There is one particular sort of bike in my area, which has its parallel in the Chieftain tank and is just as deadly. It’s called a ‘Bakfiets’ and is basically a normal pushbike with panniers at the side; a grid with straps for packages at the back and a bloody great carriage for kids, dogs and shopping (often all at once) at the front. It’s generally driven by young mothers with two screaming brats in the carriage and a cell phone surgically attached to her ear. Our area is infested with them and they treat pavements as their own private race tracks as they rush their kids’ from their ADHD therapy sessions to the shops and back. The fact that they can carry on intense phone conversations at the same time baffles me but apparently it’s called ‘multi-tasking’!

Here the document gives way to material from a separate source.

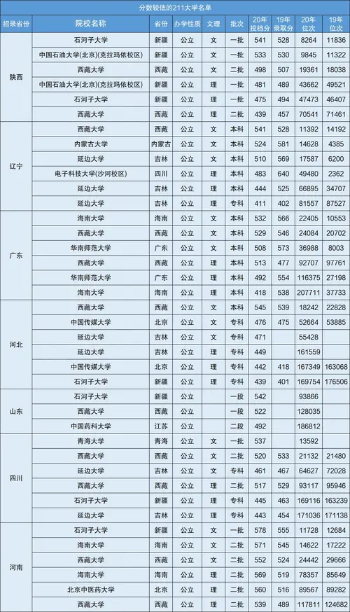 以上就是适合捡漏的211大学名单,名单中包含了211大学的所在地区和2020年以及2019年的录取分数和最低录取位次,同学们可以结合自己的实际情况进行填报。需要注意的是,有些211院校除了在一批次招生还会在二批次和专科段招生。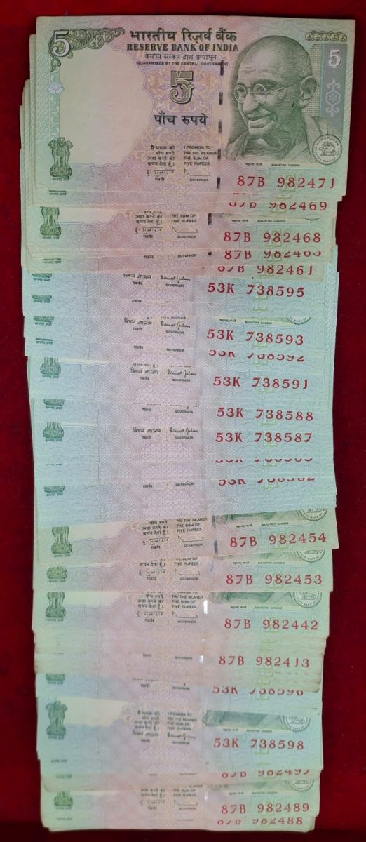 5 RUPEES 100 PCS UNC NON SERIEL MIX GOVERNER (100 PCS LOTT)

On my second day out with the stick, I left the supermarket with shopping bag in my left hand and the stick in the right. The street was busy and bikes were parked everywhere as usual. I nearly had a heart attack as I turned the corner to be confronted with one of these overloaded ‘cycle tanks’ hurtling towards me at speed. I had the wits to stand my ground because if I’d done anything else, I’d be in the casualty unit again. The bike screeched to a halt; the kids in the carriage started screaming (probably from shock at the narrow escape) and the mother launched into the sort of tirade that would make sailors blush. Now when I’m angry, my Dutch doesn’t come as easily as it normally does, so I sort of spluttered a protest, pointed to the walking stick and put on the sort of eyes that made Antonio Banderas so adorable as Puss, in Shrek. It was to no avail, the harridan went on haranguing me about being in the way, until bystanders thankfully stepped in and told her she should be more responsible or words to that effect. As I said, I hate that bloody stick but will need to find a way to use it effectively and negotiate the various obstacles that present themselves on the streets of Amsterdam. Since the ‘bakfiets’ incident, I’ve started noticing how less-able people in general are treated in shops and on the streets and it’s a shock! People with walkers and Zimmer frames, are regularly scowled at, shoved; treated with impatience and ‘tutted’ at roundly. People in motorised wheelchairs come off much worse in terms of verbal abuse but at least they’ve got armour on their side; until of course, they venture onto the road or cycle path with their relatively slow moving vehicles, and are treated by youths on scooters as a challenge and fair game for a, who-dares-wins competition for right of way. There’s one young, disabled guy locally, who revs up his wheelchair to Mach 1 and just goes for it, scattering people, bikes, dogs and shopping carts, left, right and centre. He’s psychotic of course but I sort of get where he’s coming from.
So this is a small plea for a little more understanding for the less able on the street. Even noticing we exist is a start and a little kindness goes a very long way and is really appreciated. I hope to be able to use my stick (and only my stick) for some considerable time yet but I’m not going to be taking much more crap when all I’m trying to do is get from A to B without falling. Watch out for ninja seniors with killer Zimmers, or turbo grannies in motorised wheelchairs; one day the worm will turn!